PROMPT:
Return the listing exactly. Keep no pictures.

SOURCE DATA:
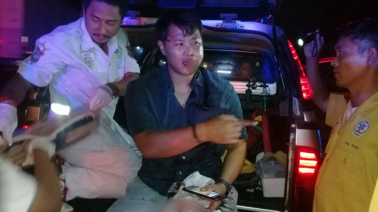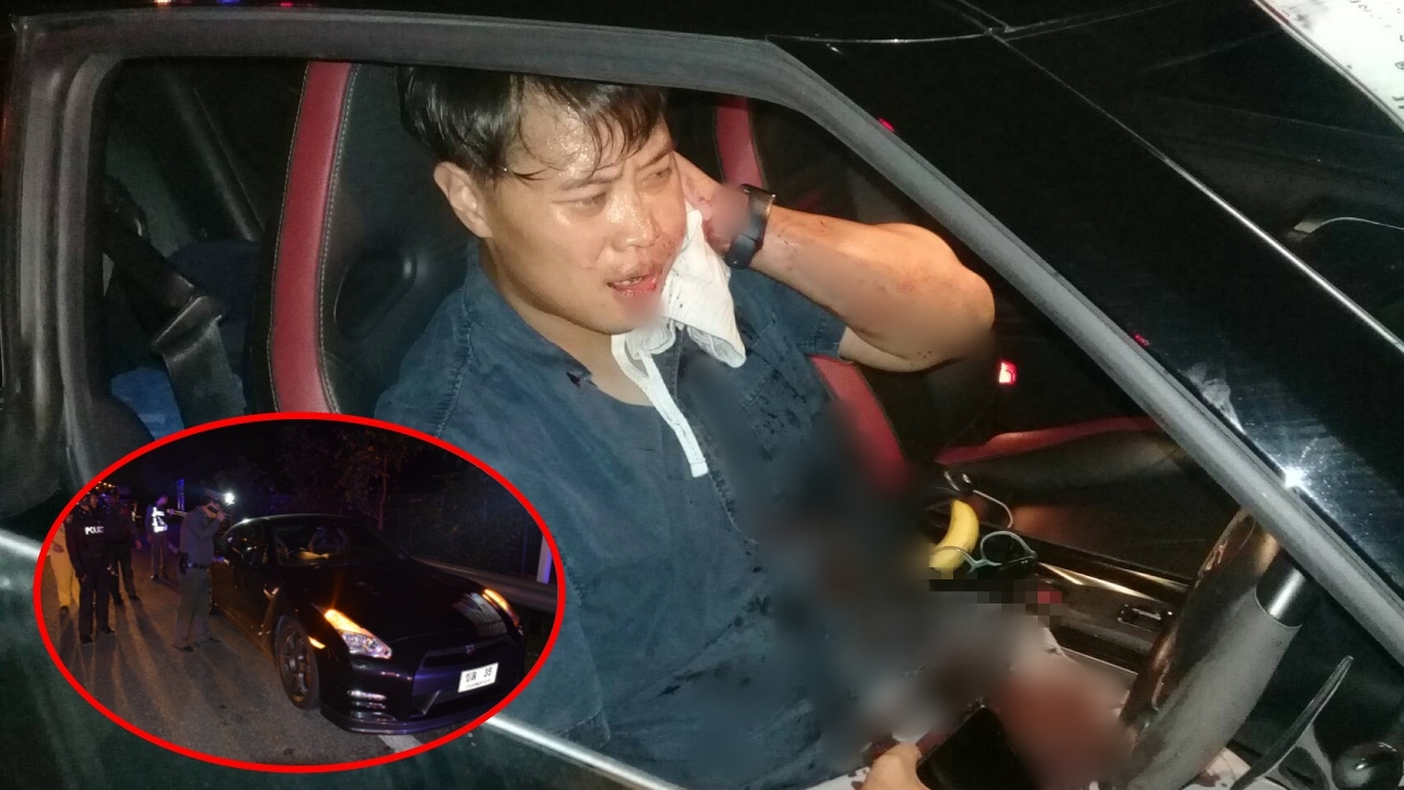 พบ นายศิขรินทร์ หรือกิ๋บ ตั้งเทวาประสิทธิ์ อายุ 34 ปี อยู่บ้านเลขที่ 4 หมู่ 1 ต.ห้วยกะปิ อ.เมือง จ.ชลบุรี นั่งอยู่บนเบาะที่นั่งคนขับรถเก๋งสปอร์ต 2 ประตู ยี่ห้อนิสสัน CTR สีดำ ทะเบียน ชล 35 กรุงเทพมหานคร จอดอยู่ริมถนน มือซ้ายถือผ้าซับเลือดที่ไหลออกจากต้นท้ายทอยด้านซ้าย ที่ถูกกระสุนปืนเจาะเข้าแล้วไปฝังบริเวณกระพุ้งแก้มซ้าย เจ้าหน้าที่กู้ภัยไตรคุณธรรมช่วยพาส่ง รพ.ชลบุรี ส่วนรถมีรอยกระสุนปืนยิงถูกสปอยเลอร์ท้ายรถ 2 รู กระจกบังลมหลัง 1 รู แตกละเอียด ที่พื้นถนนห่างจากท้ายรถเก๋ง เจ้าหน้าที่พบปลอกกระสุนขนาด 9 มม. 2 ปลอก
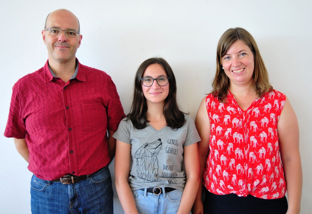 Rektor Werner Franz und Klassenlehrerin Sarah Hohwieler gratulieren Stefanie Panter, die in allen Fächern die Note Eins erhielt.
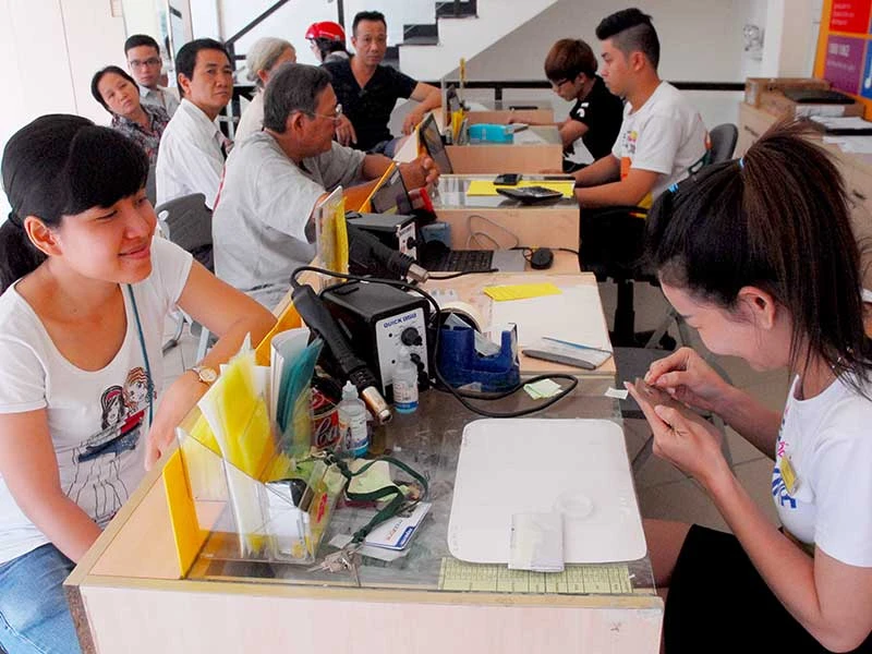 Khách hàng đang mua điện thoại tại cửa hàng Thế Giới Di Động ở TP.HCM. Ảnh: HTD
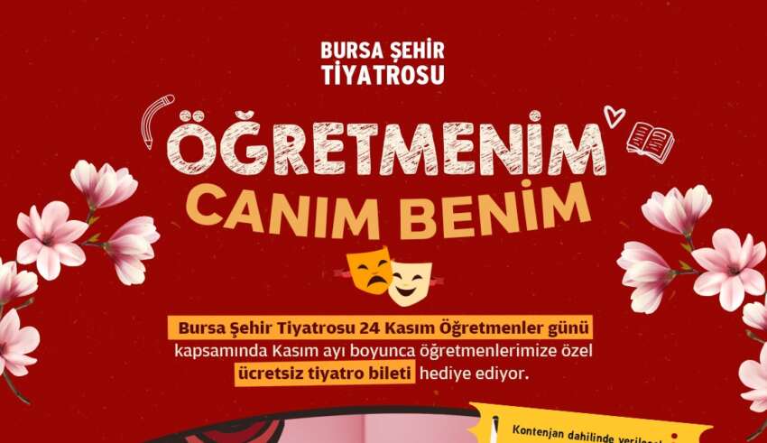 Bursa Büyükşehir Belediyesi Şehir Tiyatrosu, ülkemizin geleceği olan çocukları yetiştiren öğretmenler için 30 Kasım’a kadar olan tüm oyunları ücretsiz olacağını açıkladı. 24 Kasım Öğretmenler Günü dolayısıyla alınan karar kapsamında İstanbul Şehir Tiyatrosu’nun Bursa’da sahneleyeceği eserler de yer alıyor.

ANSWER SECTION:
 พบ นายศิขรินทร์ หรือกิ๋บ ตั้งเทวาประสิทธิ์ อายุ 34 ปี อยู่บ้านเลขที่ 4 หมู่ 1 ต.ห้วยกะปิ อ.เมือง จ.ชลบุรี นั่งอยู่บนเบาะที่นั่งคนขับรถเก๋งสปอร์ต 2 ประตู ยี่ห้อนิสสัน CTR สีดำ ทะเบียน ชล 35 กรุงเทพมหานคร จอดอยู่ริมถนน มือซ้ายถือผ้าซับเลือดที่ไหลออกจากต้นท้ายทอยด้านซ้าย ที่ถูกกระสุนปืนเจาะเข้าแล้วไปฝังบริเวณกระพุ้งแก้มซ้าย เจ้าหน้าที่กู้ภัยไตรคุณธรรมช่วยพาส่ง รพ.ชลบุรี ส่วนรถมีรอยกระสุนปืนยิงถูกสปอยเลอร์ท้ายรถ 2 รู กระจกบังลมหลัง 1 รู แตกละเอียด ที่พื้นถนนห่างจากท้ายรถเก๋ง เจ้าหน้าที่พบปลอกกระสุนขนาด 9 มม. 2 ปลอก
 Rektor Werner Franz und Klassenlehrerin Sarah Hohwieler gratulieren Stefanie Panter, die in allen Fächern die Note Eins erhielt.
 Khách hàng đang mua điện thoại tại cửa hàng Thế Giới Di Động ở TP.HCM. Ảnh: HTD
 Bursa Büyükşehir Belediyesi Şehir Tiyatrosu, ülkemizin geleceği olan çocukları yetiştiren öğretmenler için 30 Kasım’a kadar olan tüm oyunları ücretsiz olacağını açıkladı. 24 Kasım Öğretmenler Günü dolayısıyla alınan karar kapsamında İstanbul Şehir Tiyatrosu’nun Bursa’da sahneleyeceği eserler de yer alıyor.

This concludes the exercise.